The increase in the number of bedrooms means that the total number of guests would rise from 332 up to about 450 — a 36 percent increase on the original planning permission.
“It also has a significant impact on fire safety when compared to the Fire Safety Overview submitted with the original application,” says Wilson.
“A new planning application under s70 is required to address what are fundamental and significant deviations from the approved scheme,” he says.
In the application form submitted to Camden, Centro state they received pre-application advice by the same officer that is dealing with the application itself. Yet Fitzrovia News understands that with any delegated decision-making procedure in planning — ie not being decided by a planning committee — it would be good practice if the pre-planning officer and the case officer were not the same person to ensure there are proper checks and balances within the planning department.
However, Camden says: “This is normal practice, officers working within the development management service all provide pre-application advice on schemes and assess planning applications submitted.”
Fitzrovia News asked for a statement from Camden about why enforcement action was not being taken, and why the application was being dealt with in this way.
A Camden Council spokesperson responded saying: “An application was submitted on 23 March 2020 for a non-material amendment to the planning permission granted on appeal in 2016 in respect of 112A Great Russell Street.
“The amendment seeks to amend the description of the development as set out on the permission, but does not seek to make changes to the approved scheme. The application is currently being assessed by [planning officers].
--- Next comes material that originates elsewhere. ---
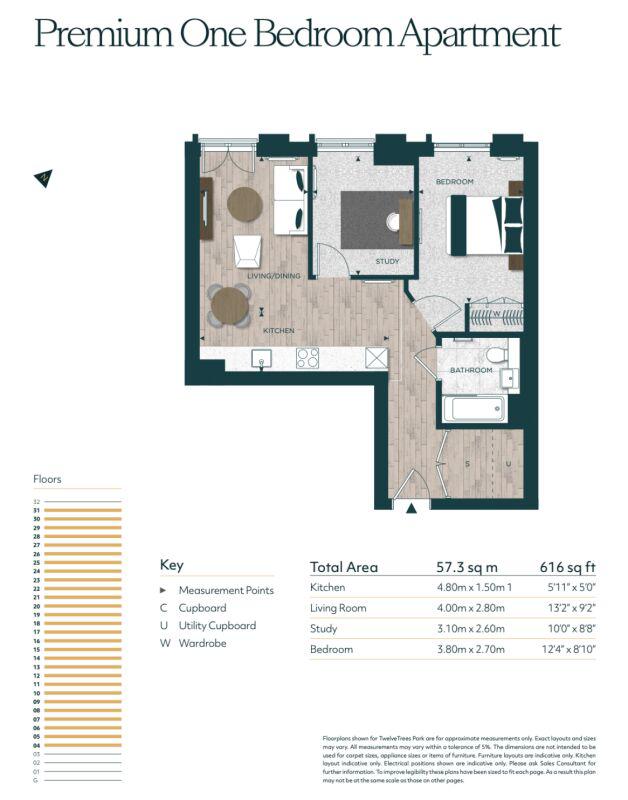 A premium one-bedroom apartment with a study on the 30th floor, just a short walk from West Ham Station.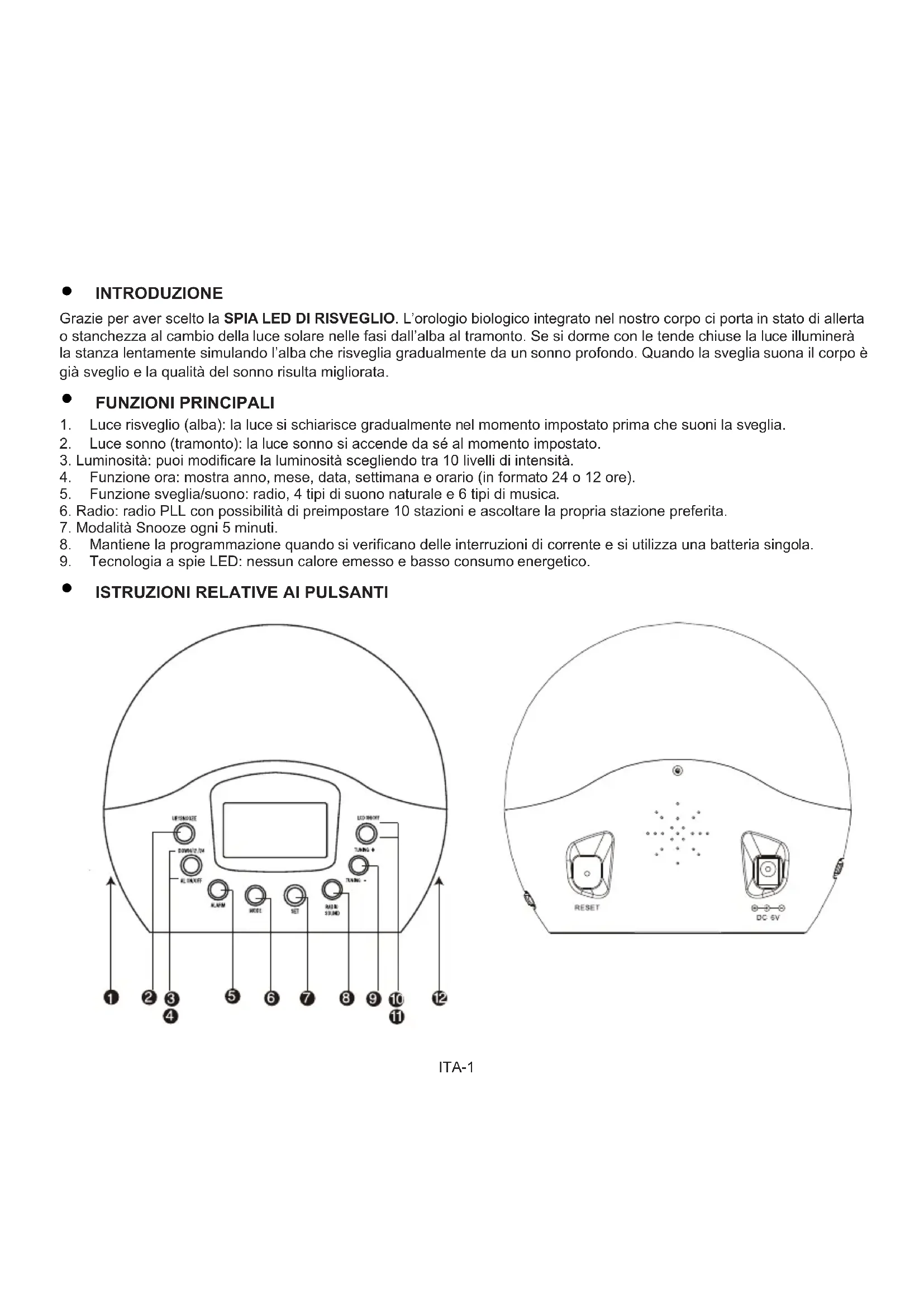 Grazie per aver scelto la SPIA LED DI RISVEGLIO. L'orologio biologico integrato nel nostro corpo ci porta in stato di allerta o stanchezza alchio della luce solare nelle fasi dall'alba al tramonto. Se si dorme con le tende chiuse la luce illuminera la stanza lentamente simulando l'alba che risveglia gradualmente da un sonno profondo. Quando la sveglia suona il corpo è già sveglio e la qualità del sonno risultata migliorata.

“Whilst we understand residents’ concerns and frustrations that the developer is proceeding to build something in advance of obtaining the necessary consent for it, it is not a criminal offence to build without planning permission. On the basis that the developer has a valid consent for 166 rooms, it was not considered that there is sufficient harm at this stage to warrant taking formal action to stop the works taking place on site.”
Camden says only if permission is refused for the amended scheme will an enforcement notice be served.
“The amendment seeks to remove reference to the number of bedrooms in the description and instead places that (the number of bedrooms) in a condition which controls the permission. The application does not make any changes to the approved scheme, so the plans and drawings do not change and this is why none have been submitted with the application.
“The applicant has indicated that it is their intention to thereafter submit a s73 application for material (sic, see note) amendments to the proposal. That will need to be considered on its own merits, officers will need to consider whether those changes are acceptable in planning terms by assessing them against adopted planning policy and guidance, and subject to consultation,” said the spokesperson.
Fitzrovia News understands that because the Bloomsbury Association has made an objection to the application it will now be referred to a members briefing panel who will decide if planning officers should make a delegated decision or if it should be decided by a planning committee.
Criterion Capital and Centro Planning Consultancy declined to comment.
Planning Application (2020/1438/P) 112 A Great Russell Street London WC1B 3NP.
Note (added 4pm, 27 April): We asked Camden’s press office to clarify the response as we understood it to be incorrect. An s73 application can only be used to make minor material amendments. The press office responded and confirmed this was the case:
“An application can be made under section 73 of the Town and Country Planning Act 1990 to vary or remove conditions associated with a planning permission. One of the uses of a section 73 application is to seek a minor material amendment, where there is a relevant condition that can be varied.
“There is no statutory definition of a ‘minor material amendment’ but it is likely to include any amendment where its scale and/or nature results in a development which is not substantially different from the one which has been approved.”